Mi primera columna del nuevo año es para las víctimas de la crueldad, mi pensamiento está hoy con las víctimas de la infamia nacionalista, moderada o radical, que ha sembrado de luto y de dolor en casi mil familias. Nunca pude entender cómo unos obispos, como Setién o Uriarte, y una colección de dos centenares de curas, podían sin que se les cayese la cara de vergüenza, sin comprender hasta que punto violaban el mensaje evangélico, colocarse al lado de los verdugos, al lado de quienes con toda justicia penaban en las cárceles, y encima arropaban a los familiares y a los políticos secesionistas, arrinconando a las víctimas al trastero del olvido.
También ha habido, por fortuna, sacerdotes justos que han elevado su voz contra tanta infamia y que hicieron posible que la fe no se nos quebrase hecha añicos. Acaba de morir uno de esos hombres justos, el jesuita Antonio Beristain, que siempre supo estar al lado de quienes debía, o sea de las víctimas y no, como esos dos obispos, ahora ya jubilados, del costado de los verdugos y de la crueldad. La labor del padre Beristain está siendo reconocida de forma general, excepto por quienes han hecho del fango y del dolor un medio de vida, es decir el nacionalismo vasco y, también, el catalán. Porque del catalán se habla menos pero es igual o peor que el vasco, más perverso incluso pues tiene una cierta influencia residual en algún pasillo vaticano.

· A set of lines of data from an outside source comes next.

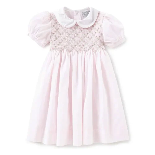 Little Girls Vintage 100% Cotton Solid Color Short Sleeve Peter Pan Collar Midi Dress Twirl Smocked Dresses for Kids
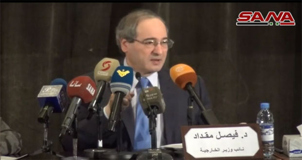 دمشق-سانا التقى نائب رئيس الجمهورية الدكتور فيصل المقداد مع مدير عام دائرة العلاقات العربية
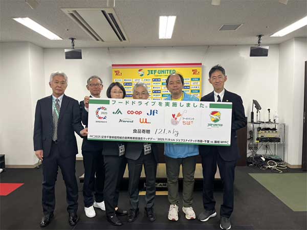 ジェフユナイテッド市原・千葉では、11月9日(日)に開催いたしました2025明治安田J2リーグ 第36節 藤枝MYFC戦におきまして、クラブ理念のひとつである「地域・社会の課題解決」に向けフードバンクちばさまと共同で「フードドライブ」を実施いたしました。皆さまからご寄付いただいた食品は、「フードバンクちば」を通じ生活に困窮している方や支援団体に届けられます。

Siempre recordaré al obispo auxiliar de Madrid y mano derecha del cardenal Rouco, tan prematuramente fallecido, Eugenio Romero, cómo elevaba la voz, ante quien fuese, por la dignidad de las víctimas. El daño que el nacionalismo vasco y catalán ha hecho a la Iglesia es enorme, aunque hombres justos, como Beristain o Romero, se hayan acabado imponiendo sobre tanta infamia. Ambos han muerto ya. Su recuerdo y ejemplo permanecerá siempre. Las víctimas necesitan amor y compasión, dignidad y justicia, no crueldad y olvido, que era la pócima medicinal que administraban Uriarte y Setién.